Liquid Alpha 2.0: Enhancing Validator Accountability

• Liquid Alpha 2.0 refines the mechanism for adjusting the rate at which validators acquire bonds based on their performance.
• While Liquid Alpha 1.0 showed some correlation with rewarding honest miners, it had edge cases where it worsened outcomes.
• Version 2.0 accurately adjusts bond acquisition rates, penalizing validators who are late in setting weights (reflecting the current state of miner performance).
• This increases pressure on validators to be vigilant, maintain their infrastructure (memory, node monitoring), and set weights promptly.
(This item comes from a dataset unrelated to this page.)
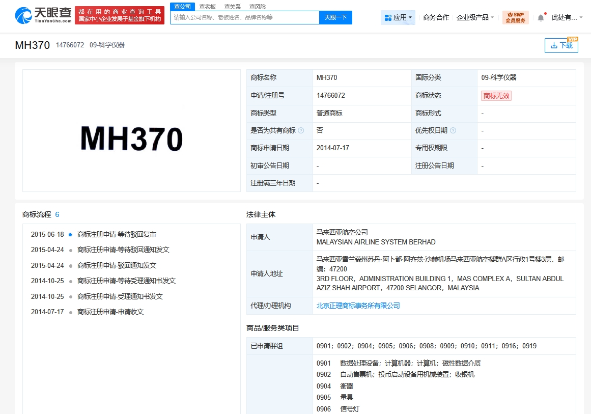 天眼查知识产权信息显示,“MH370”“失联MH370”曾被申请注册为商标,国际分类包括手工器械、日化用品、运输工具等,申请人为杭州某投资公司、广州某贸易公司等。值得注意的是,马来西亚航空公司曾于2014年7月申请注册一枚“MH370”商标,国际分类为科学仪器。目前,上述商标均已被驳回,处于无效状态。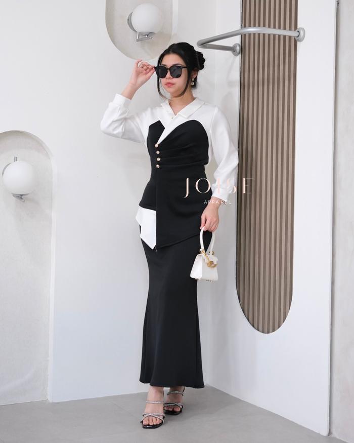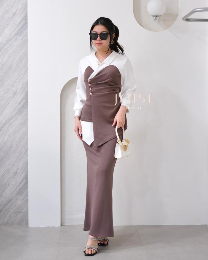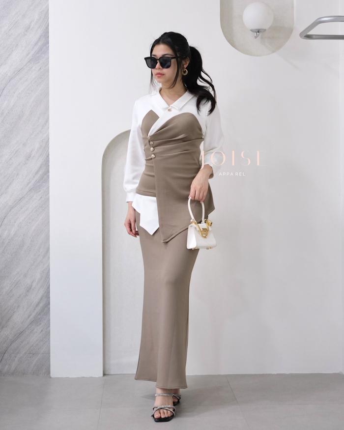 SET JOISE - LEXIE SET / SETELAN ATASAN + ROK WANITA / BAJU SETELAN ONE SET CASUAL / SETELAN ROK MERMAID BASIC LOS STRETCH PANJANG - CREAM, ALL SIZE LD 92-110

Delays harm the ecosystem by slowing down the network's response to changes in miner quality.

Ecosystem Implications: A New Era of Validator Competition

• Ref argues that YC3 and Liquid Alpha 2.0 usher in an era where validators compete not just on cost-effective hardware but on performance and accuracy.
• Validators who are late will be penalized, while those who are early and accurate in identifying top miners will be rewarded with higher APY (Annual Percentage Yield, referring to dividend returns here).
• Ref uses Subnet 7 as an example where the current incentive design is flawed, allowing predictable weight increases for newly registered miners. Faster validators could identify true quality sooner but aren't properly incentivized under YC2. YC3 aims to reward this speed and accuracy.
• He also points to Subnet 9 patterns that resemble weight copying, suggesting YC3, combined with Commit Reveal and Liquid Alpha 2.0, could drive these actors out.

Compute Horde (Subnet 12): Decentralizing Validation Compute

• Ref details Compute Horde (Subnet 12), which allows validators on other subnets to utilize the GPU resources of SN12 miners for their validation tasks.
• The Collateral Smart Contract is crucial here, preventing SN12 miners from faking computation results (cheaters get collateral burned). Work is cross-verified.
• To use Compute Horde, validation tasks must be "Horized"—packaged into Docker containers without network access (models provided as volumes) to ensure verifiability. An SDK is available.
• This enables validators to use variable amounts of compute (e.g., 10 GPUs for 5 minutes) rather than dedicating fixed GPUs, offering flexibility and cost-efficiency, especially as the number of subnets grows.
• Validators can parallelize tasks across multiple GPUs sourced from Compute Horde, limited only by their effective stake in SN12.
• A fallback mechanism to use commercial providers like RunPod is being developed for redundancy.
• Ref contrasts this practical, deployable solution with the current limitations of TE (Trusted Execution Environments), which are hard to set up at scale, and ZK (Zero-Knowledge proofs), which are currently too slow for high-performance validation.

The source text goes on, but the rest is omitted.